● **AIM OF THE TASK**:
Keep the pictures out. Copy every line of the listing exactly.

● **SUPPLIED DATA**:
= Beginning of Section =

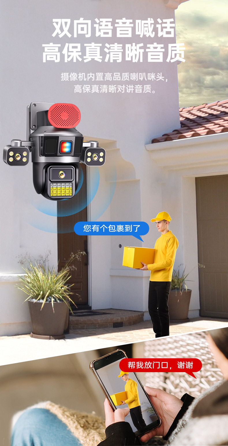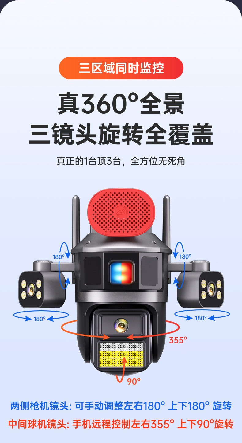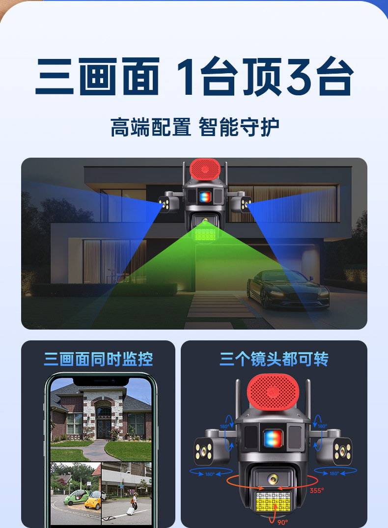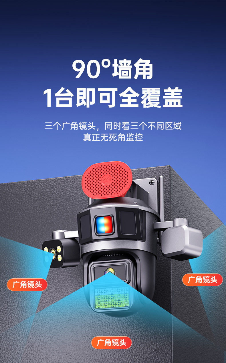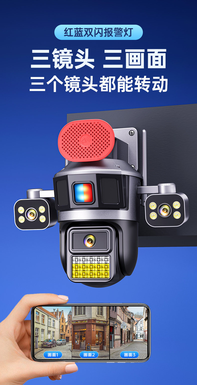 Surveillance Camera True Three Screen Three Lens Panoramic Home Outdoor HD Monitor Day and Night Full Color Waterproof New
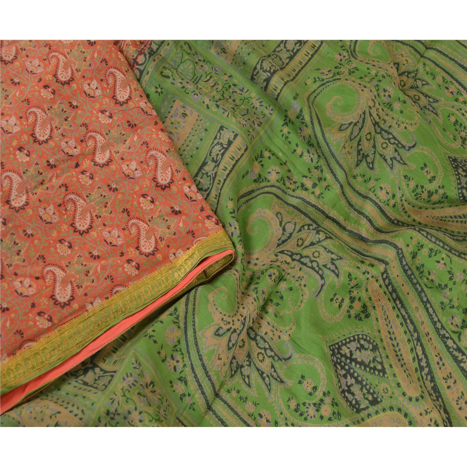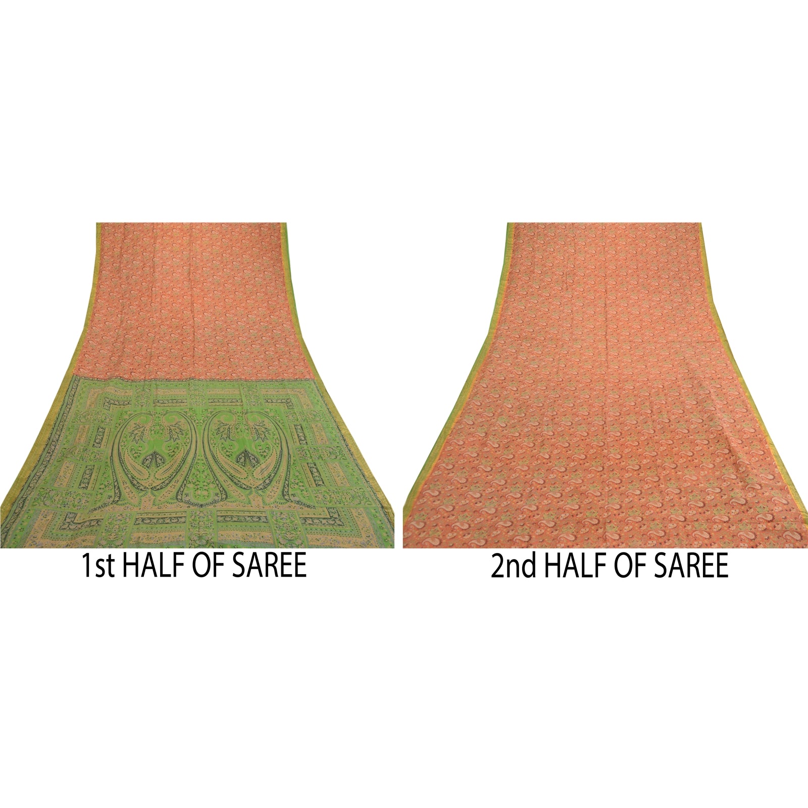 Beautiful orange & green colored pure silk printed saree. Pallu & Border has printed floral design & golden zari woven work. Similar design in center part of saree. What is special about this saree? Fabulous design is really enhancing the beauty of the saree.This unique vintage saree can be used for various crafting ideas even if you don't want to use it as a sari. Design a dress, use it as window,dressing, upholstery, sarongs, throw, dress making and table linen much more. Let your creative juices flow and use this decorated Sustainable Fabric in multiple fashion.
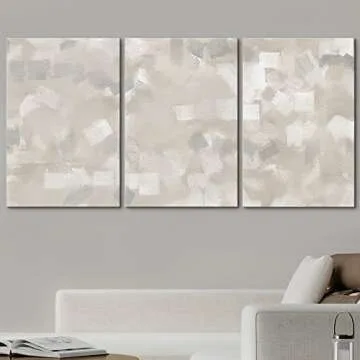 wall26 Canvas Print Wall Art Set Gray, White & Tan Paint Smudge Display Abstract Shapes Illustrations Modern Art Bohemian Colorful Multicolor Ultra for Living Room, Bedroom, Office - 16"x24"x3 Panels
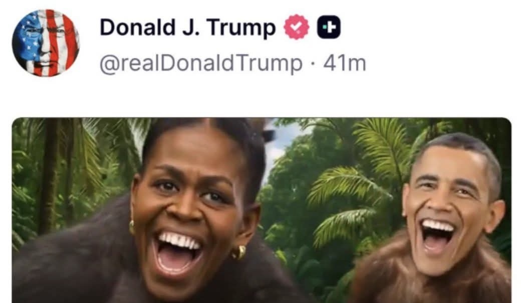 وفي وقت متأخر من مساء أمس الخميس، شارك الرئيس الأمريكي دونالد ترامب مقطعا مدته دقيقة واحدة يضخم مزاعمه بأن هزيمته في انتخابات 2020 جاءت نتيجة تزوير، وهي ادعاءات ثبت فيما بعد أنها خاطئة. وظهرت خلال المقطع لقطة، يبدو أنها مولدة بالذكاء الاصطناعي، لقردين راقصين رُكب عليهما رأسا أوباما وزوجته.

= End of Section =

● **WRITTEN ANSWER**:
 Surveillance Camera True Three Screen Three Lens Panoramic Home Outdoor HD Monitor Day and Night Full Color Waterproof New
 Beautiful orange & green colored pure silk printed saree. Pallu & Border has printed floral design & golden zari woven work. Similar design in center part of saree. What is special about this saree? Fabulous design is really enhancing the beauty of the saree.This unique vintage saree can be used for various crafting ideas even if you don't want to use it as a sari. Design a dress, use it as window,dressing, upholstery, sarongs, throw, dress making and table linen much more. Let your creative juices flow and use this decorated Sustainable Fabric in multiple fashion.
 wall26 Canvas Print Wall Art Set Gray, White & Tan Paint Smudge Display Abstract Shapes Illustrations Modern Art Bohemian Colorful Multicolor Ultra for Living Room, Bedroom, Office - 16"x24"x3 Panels
 وفي وقت متأخر من مساء أمس الخميس، شارك الرئيس الأمريكي دونالد ترامب مقطعا مدته دقيقة واحدة يضخم مزاعمه بأن هزيمته في انتخابات 2020 جاءت نتيجة تزوير، وهي ادعاءات ثبت فيما بعد أنها خاطئة. وظهرت خلال المقطع لقطة، يبدو أنها مولدة بالذكاء الاصطناعي، لقردين راقصين رُكب عليهما رأسا أوباما وزوجته.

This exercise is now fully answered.